━━ Extracted material

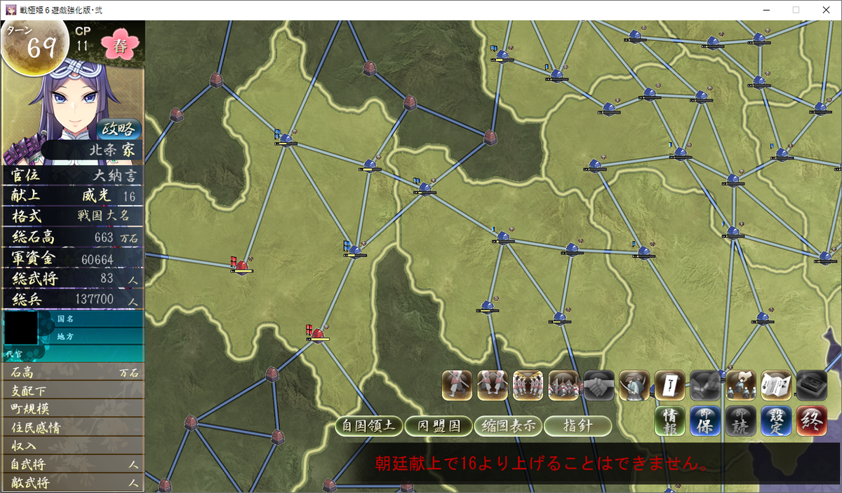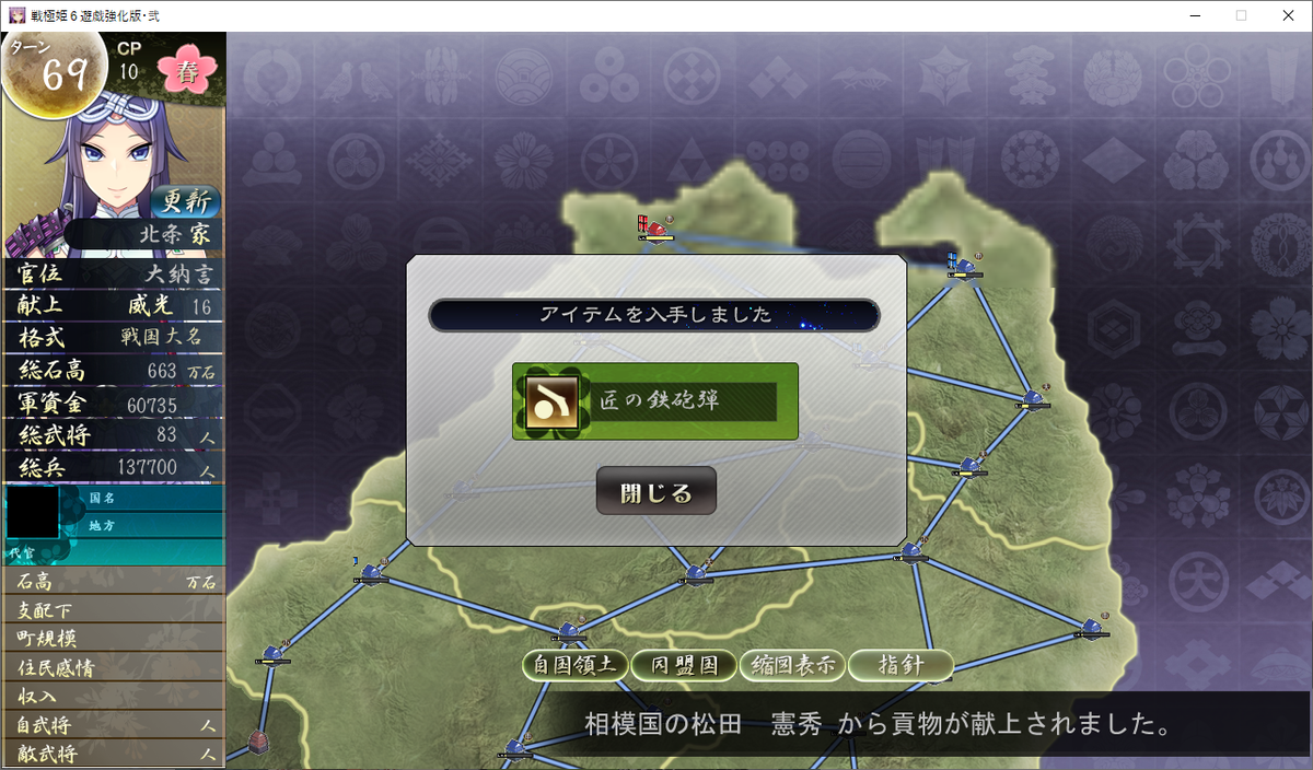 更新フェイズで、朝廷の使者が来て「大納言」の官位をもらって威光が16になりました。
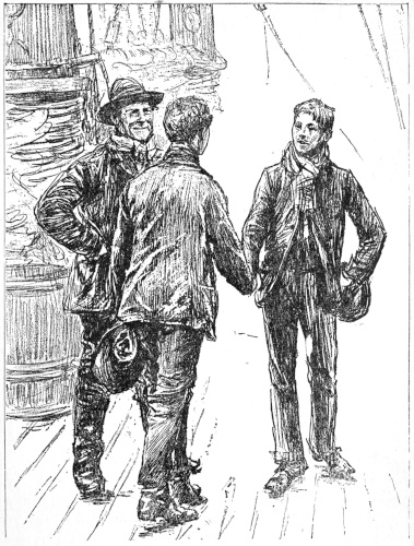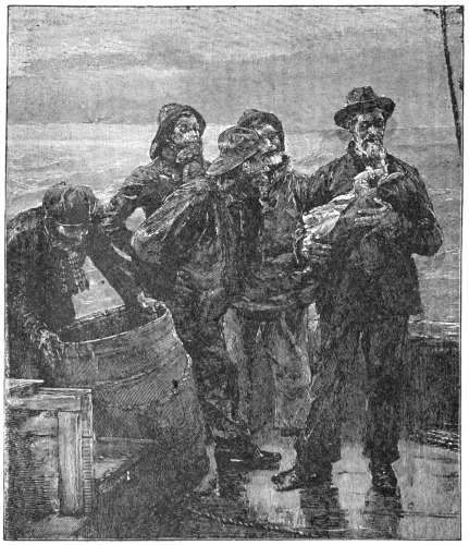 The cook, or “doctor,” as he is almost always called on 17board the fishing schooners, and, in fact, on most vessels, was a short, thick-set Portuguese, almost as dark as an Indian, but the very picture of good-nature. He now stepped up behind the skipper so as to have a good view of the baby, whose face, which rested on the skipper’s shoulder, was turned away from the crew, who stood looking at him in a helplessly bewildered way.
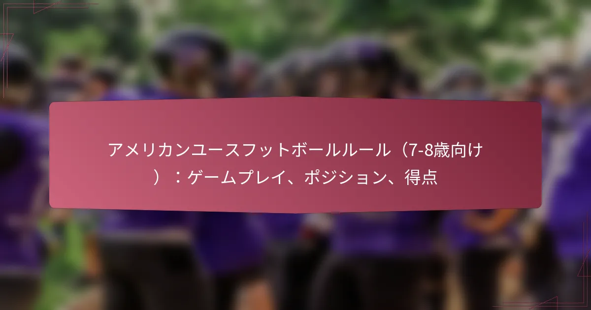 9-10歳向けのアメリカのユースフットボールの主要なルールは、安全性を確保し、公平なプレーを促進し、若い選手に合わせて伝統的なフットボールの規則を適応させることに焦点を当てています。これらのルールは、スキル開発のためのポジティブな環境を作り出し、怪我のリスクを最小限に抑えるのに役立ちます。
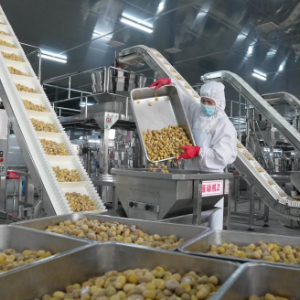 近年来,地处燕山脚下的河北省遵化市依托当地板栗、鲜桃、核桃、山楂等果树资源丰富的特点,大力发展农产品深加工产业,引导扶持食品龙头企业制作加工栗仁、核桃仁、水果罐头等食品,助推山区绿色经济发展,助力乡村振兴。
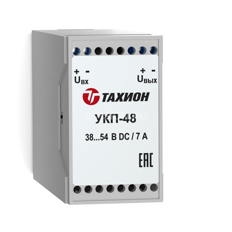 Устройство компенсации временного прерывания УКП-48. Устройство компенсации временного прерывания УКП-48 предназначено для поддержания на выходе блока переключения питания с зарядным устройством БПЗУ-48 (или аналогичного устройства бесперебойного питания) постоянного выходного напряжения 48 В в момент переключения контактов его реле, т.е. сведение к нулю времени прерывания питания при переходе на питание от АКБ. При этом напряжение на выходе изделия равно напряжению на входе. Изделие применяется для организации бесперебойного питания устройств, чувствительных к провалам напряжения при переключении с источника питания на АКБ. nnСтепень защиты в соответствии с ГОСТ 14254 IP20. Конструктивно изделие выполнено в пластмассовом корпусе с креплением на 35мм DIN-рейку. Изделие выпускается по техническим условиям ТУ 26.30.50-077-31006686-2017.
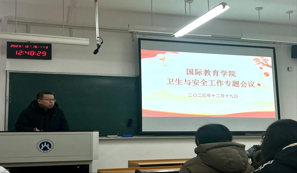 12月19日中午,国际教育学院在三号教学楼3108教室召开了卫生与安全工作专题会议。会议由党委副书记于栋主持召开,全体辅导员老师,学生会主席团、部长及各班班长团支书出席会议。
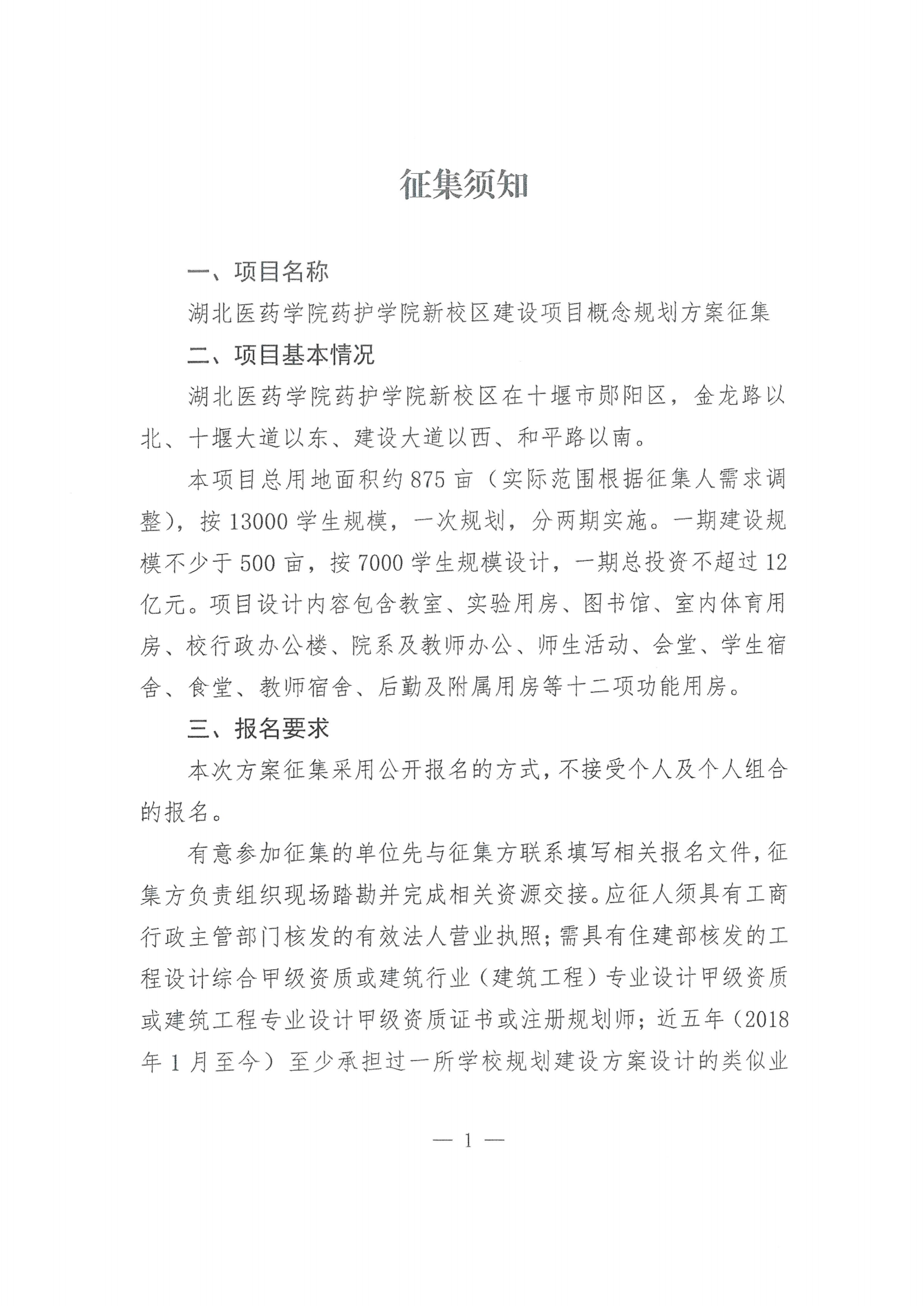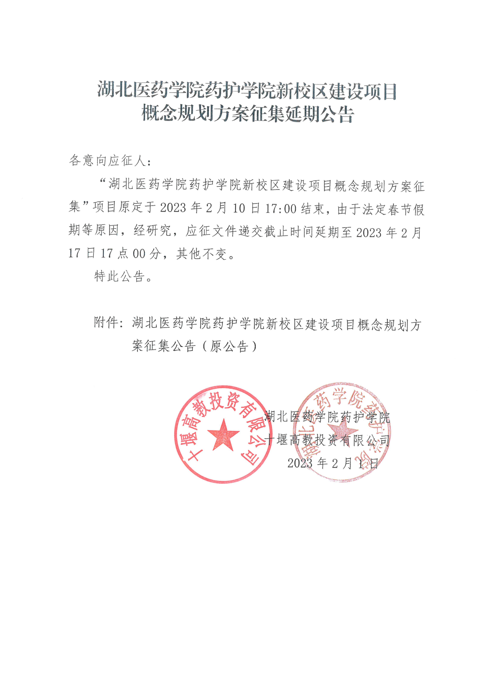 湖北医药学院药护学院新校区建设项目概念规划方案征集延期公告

━━━━

Look above for the line with "The cook, or", then print it and each line after it down to and including the line with "Устройство компенсации временного прерывания УКП-48.". Leave out the pictures and keep the wording exact.

 The cook, or “doctor,” as he is almost always called on 17board the fishing schooners, and, in fact, on most vessels, was a short, thick-set Portuguese, almost as dark as an Indian, but the very picture of good-nature. He now stepped up behind the skipper so as to have a good view of the baby, whose face, which rested on the skipper’s shoulder, was turned away from the crew, who stood looking at him in a helplessly bewildered way.
 9-10歳向けのアメリカのユースフットボールの主要なルールは、安全性を確保し、公平なプレーを促進し、若い選手に合わせて伝統的なフットボールの規則を適応させることに焦点を当てています。これらのルールは、スキル開発のためのポジティブな環境を作り出し、怪我のリスクを最小限に抑えるのに役立ちます。
 近年来,地处燕山脚下的河北省遵化市依托当地板栗、鲜桃、核桃、山楂等果树资源丰富的特点,大力发展农产品深加工产业,引导扶持食品龙头企业制作加工栗仁、核桃仁、水果罐头等食品,助推山区绿色经济发展,助力乡村振兴。
 Устройство компенсации временного прерывания УКП-48. Устройство компенсации временного прерывания УКП-48 предназначено для поддержания на выходе блока переключения питания с зарядным устройством БПЗУ-48 (или аналогичного устройства бесперебойного питания) постоянного выходного напряжения 48 В в момент переключения контактов его реле, т.е. сведение к нулю времени прерывания питания при переходе на питание от АКБ. При этом напряжение на выходе изделия равно напряжению на входе. Изделие применяется для организации бесперебойного питания устройств, чувствительных к провалам напряжения при переключении с источника питания на АКБ. nnСтепень защиты в соответствии с ГОСТ 14254 IP20. Конструктивно изделие выполнено в пластмассовом корпусе с креплением на 35мм DIN-рейку. Изделие выпускается по техническим условиям ТУ 26.30.50-077-31006686-2017.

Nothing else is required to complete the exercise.